Mourad El Garci shows how parametric methods associated with aerospace-style digital production can help deliver complex façades under extreme schedule pressure. The key is to control geometry, thermal movement, fixings, gaps and fabrication data from one coordinated model.
A complex façade can become a data problem long before it becomes a fabrication problem. Mourad El Garci’s case study uses an aluminium-honeycomb cladding system developed from aerospace logic to show how thousands of different panels can be delivered under a compressed programme. The material matters, but the decisive step is turning geometry, joints, fixings and tolerances into repeatable digital rules.
Lightweight panels borrow logic from aerospace
Alucoil’s LARCORE panel uses aluminium skins around a honeycomb core to create a lightweight, stiff sandwich. El Garci presents it as an A2-rated, flat and recyclable system that can be used in rainscreens, unitised and stick façades, ceilings, fins and structurally glazed assemblies. Jumbo formats reduce the number of joints but make dimensional control and handling more important. That balance became critical on a Moroccan stadium project being delivered for a major football deadline.
Nineteen thousand panels cannot be detailed one by one
The stadium façade contains about 19,000 different panels, with some pieces approaching 2 by 8 metres. El Garci describes a delivery window of roughly six months. At that scale and speed, a conventional workflow of drawing, checking and manually revising every panel would create its own programme risk.
The team used parametric modelling, Grasshopper and FME to connect the architectural surface to fabrication information. Panel limits, gaps and support positions were encoded so a change to the governing model could propagate through the affected set.
The model has to carry engineering rules
Automation only works when the parameters are technically meaningful. El Garci lists thermal expansion, mechanical fixing, geometry, joint gaps and installation tolerances among the variables that had to remain coordinated. Clips also had to stay horizontal to the ground while the architectural surface curved around them.

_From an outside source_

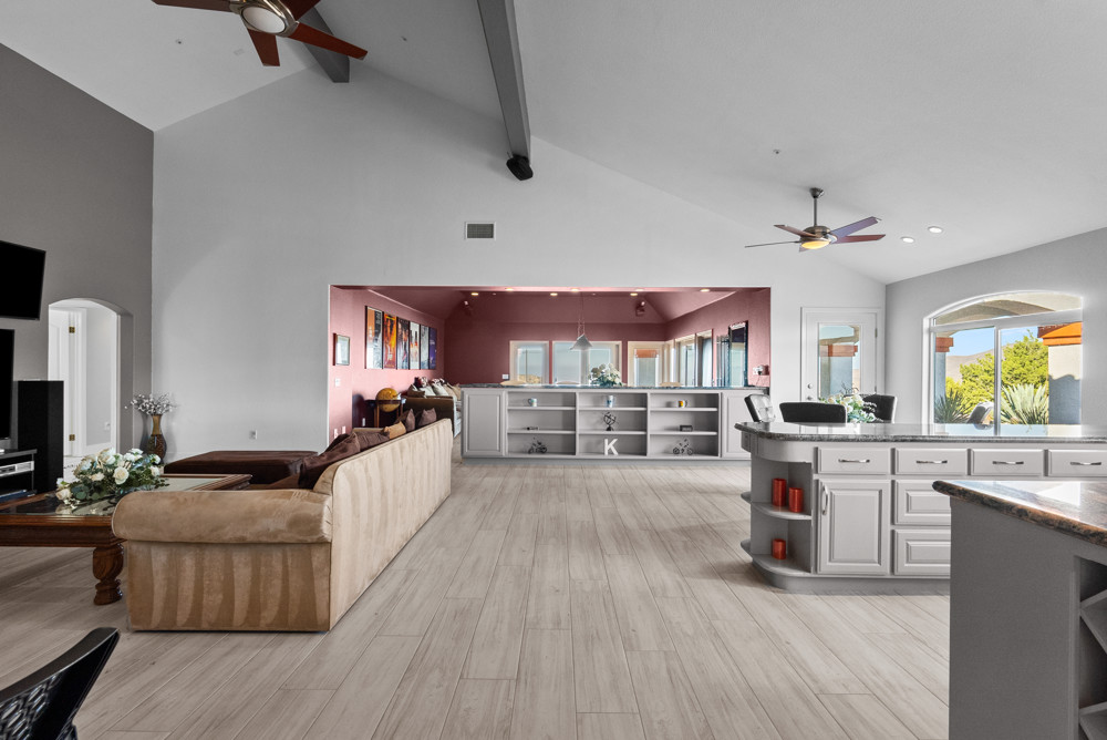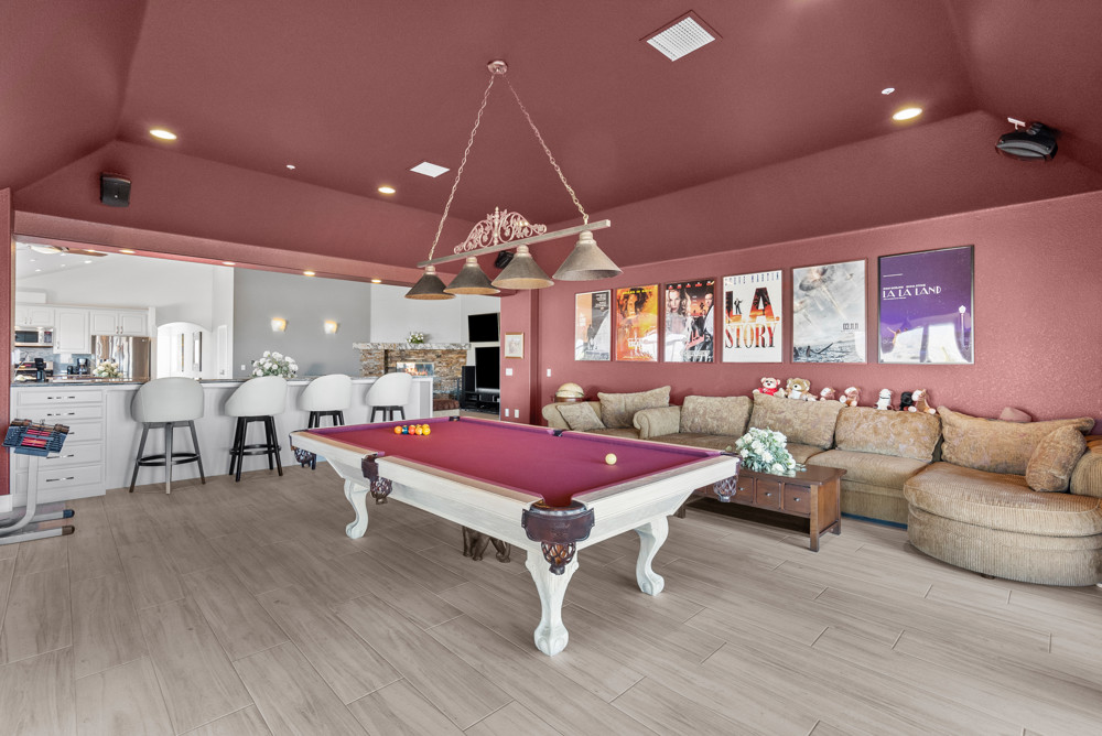 The estate boasts a massive gourmet kitchen, formal dining room, and billiards room. The living room has 22-foot high ceilings and three TVs for “sports book” style viewing. The crown jewel of DVS is the massive 10,000 sf patio area; for epic sunsets, starry nights, relaxing by the firepit, and unmatched outdoor privacy. If you want to go big, DVS is also perfect and available (for additional fees) for weddings, quinceaneras, private parties, filming, and other special events; all including on-site parking for hundreds of vehicles.

Mock-ups provided the physical check. Statistical and mechanical tests were used to validate assumptions before production accelerated. The team also had to understand how tolerances accumulated from structure to secondary frame to panel, because a façade with 19,000 pieces gives small errors many opportunities to compound.
Production capacity has to match digital ambition
Data generation is only useful if manufacturing can consume it. El Garci describes four machines capable of handling panels up to about eight metres, with fabrication files generated from the coordinated model. That link between model and machinery is where the aerospace analogy becomes practical: repeatable digital definition replaces repeated manual interpretation.
This also changes quality control. Rather than checking only a drawing against another drawing, the team can check the rule set, sample outputs and physical mock-ups, then monitor whether production stays inside those limits.
Speed comes from reducing ambiguity
The project’s lesson is not that parametric design makes complexity effortless. It makes decisions explicit. A panel can be unique in shape while still obeying a common logic for supports, thermal movement, gap width and fabrication.
Under schedule pressure, the fastest workflow is therefore not the one that skips engineering. It is the one that captures engineering once, turns it into data and lets every downstream output use the same definition.
Logistics are part of the parametric problem
Large-format panels also have to survive the journey from machine to building. The stadium workflow therefore considered how very long pieces would be nested, labelled, lifted and installed as the model was being developed. A geometry that can be fabricated but cannot be transported or safely aligned on site is not a resolved panel. El Garci’s mock-up and sampling strategy gave the team a way to test those downstream assumptions before committing the full production run. Rather than inspect all 19,000 panels as unrelated objects, the project could validate representative families, mechanical behaviour and the governing rules, then track exceptions. That is where automation produces schedule value: it reduces the number of decisions that have to be rediscovered while keeping unusual conditions visible for human review.
This keeps digital speed tied to fabrication reality rather than treating the model as an end in itself.